Today’s durable goods orders release from the U.S. Census Bureau shows 0.8 percent decline in September. (All percentages are in annual terms.) This number only tells part of the story, though, as much of the decline was due to volatility in the transportation sector. Excluding transportation, new orders for manufactured durable goods would have increased by 1.7 percent.  Much of the decline was in the aerospace sector (both for defense and nondefense), which fell significantly after a large rise in August. New orders for motor vehicles also fell by 2.7 percent.

Yet, outside of transportation, the new orders figures reflected some strength.
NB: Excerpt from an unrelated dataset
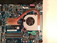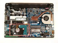Put the computer in the position of the second image while pushing a paper clip into the hole of the screw circled in green until you hear a click

Here are the monthly growth rates for new orders from the major sectors:

  • Capital Goods, excluding Aircraft, up 2.4 percent;
  • Computers and Electronic Products, up 1.0 percent;
  • Defense Capital Goods, up 8.6 percent;
  • Electrical Equipment, Appliances, and Components, up 1.9 percent;
  • Fabricated Metal Products, up 1.9 percent;
  • Machinery, up 1.8 percent; and
  • Primary Metals, up 2.6 percent.

These numbers suggest that the larger durable goods industry is showing some broader-based growth as we move into the autumn months.

Looking at other parts of this release, durable goods shipments fell 0.7 percent in September; excluding the transportation sector, shipments would have decreased 0.1 percent. Transportation shipments were down 2.7 percent. The largest increases in shipments were seen in communications equipment, computers and related products, fabricated metal products and primary metals.

Both unfilled orders and inventories continued to grow in September, by 0.8 percent and 0.1 percent, respectively.

Chad Moutray is chief economist, National Association of Manufacturers.